From the data underneath, reproduce exactly the stretch that begins at the line with "2nd Quarterly Price" and ends after the line with "type GetValueType<P> = P".

→ MATERIAL FOR THE TASK:
>>>

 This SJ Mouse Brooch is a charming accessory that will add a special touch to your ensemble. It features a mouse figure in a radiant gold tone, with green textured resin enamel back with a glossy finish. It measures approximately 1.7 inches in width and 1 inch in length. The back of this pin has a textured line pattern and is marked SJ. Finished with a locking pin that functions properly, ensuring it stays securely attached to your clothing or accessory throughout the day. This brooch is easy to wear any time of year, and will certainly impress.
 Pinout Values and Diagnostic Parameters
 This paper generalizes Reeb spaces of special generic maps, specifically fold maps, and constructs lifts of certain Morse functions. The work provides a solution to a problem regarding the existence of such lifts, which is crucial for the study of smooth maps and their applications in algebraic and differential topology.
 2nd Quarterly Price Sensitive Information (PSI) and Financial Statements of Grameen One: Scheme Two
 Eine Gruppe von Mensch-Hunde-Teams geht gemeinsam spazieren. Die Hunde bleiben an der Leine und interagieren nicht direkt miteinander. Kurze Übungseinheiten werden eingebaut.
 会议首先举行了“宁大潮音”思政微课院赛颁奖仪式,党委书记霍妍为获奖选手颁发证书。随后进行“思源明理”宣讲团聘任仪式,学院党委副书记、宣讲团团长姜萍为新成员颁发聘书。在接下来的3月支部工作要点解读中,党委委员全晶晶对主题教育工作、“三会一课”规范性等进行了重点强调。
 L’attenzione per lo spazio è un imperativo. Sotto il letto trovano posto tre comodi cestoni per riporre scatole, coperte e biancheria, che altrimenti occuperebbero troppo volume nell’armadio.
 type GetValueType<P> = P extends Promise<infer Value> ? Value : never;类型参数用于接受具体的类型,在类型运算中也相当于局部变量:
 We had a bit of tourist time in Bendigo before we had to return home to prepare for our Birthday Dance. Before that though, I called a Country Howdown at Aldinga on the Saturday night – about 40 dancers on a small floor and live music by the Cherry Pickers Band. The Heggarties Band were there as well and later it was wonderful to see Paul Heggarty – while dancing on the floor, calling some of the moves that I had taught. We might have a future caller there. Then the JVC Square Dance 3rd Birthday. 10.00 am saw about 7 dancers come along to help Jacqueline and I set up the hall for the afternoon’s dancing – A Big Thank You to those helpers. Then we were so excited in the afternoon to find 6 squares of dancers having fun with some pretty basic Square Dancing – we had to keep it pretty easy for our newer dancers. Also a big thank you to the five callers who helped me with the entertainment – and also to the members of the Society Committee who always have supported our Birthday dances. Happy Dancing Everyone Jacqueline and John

<<<

→ WRITTEN RESPONSE:
 2nd Quarterly Price Sensitive Information (PSI) and Financial Statements of Grameen One: Scheme Two
 Eine Gruppe von Mensch-Hunde-Teams geht gemeinsam spazieren. Die Hunde bleiben an der Leine und interagieren nicht direkt miteinander. Kurze Übungseinheiten werden eingebaut.
 会议首先举行了“宁大潮音”思政微课院赛颁奖仪式,党委书记霍妍为获奖选手颁发证书。随后进行“思源明理”宣讲团聘任仪式,学院党委副书记、宣讲团团长姜萍为新成员颁发聘书。在接下来的3月支部工作要点解读中,党委委员全晶晶对主题教育工作、“三会一课”规范性等进行了重点强调。
 L’attenzione per lo spazio è un imperativo. Sotto il letto trovano posto tre comodi cestoni per riporre scatole, coperte e biancheria, che altrimenti occuperebbero troppo volume nell’armadio.
 type GetValueType<P> = P extends Promise<infer Value> ? Value : never;类型参数用于接受具体的类型,在类型运算中也相当于局部变量:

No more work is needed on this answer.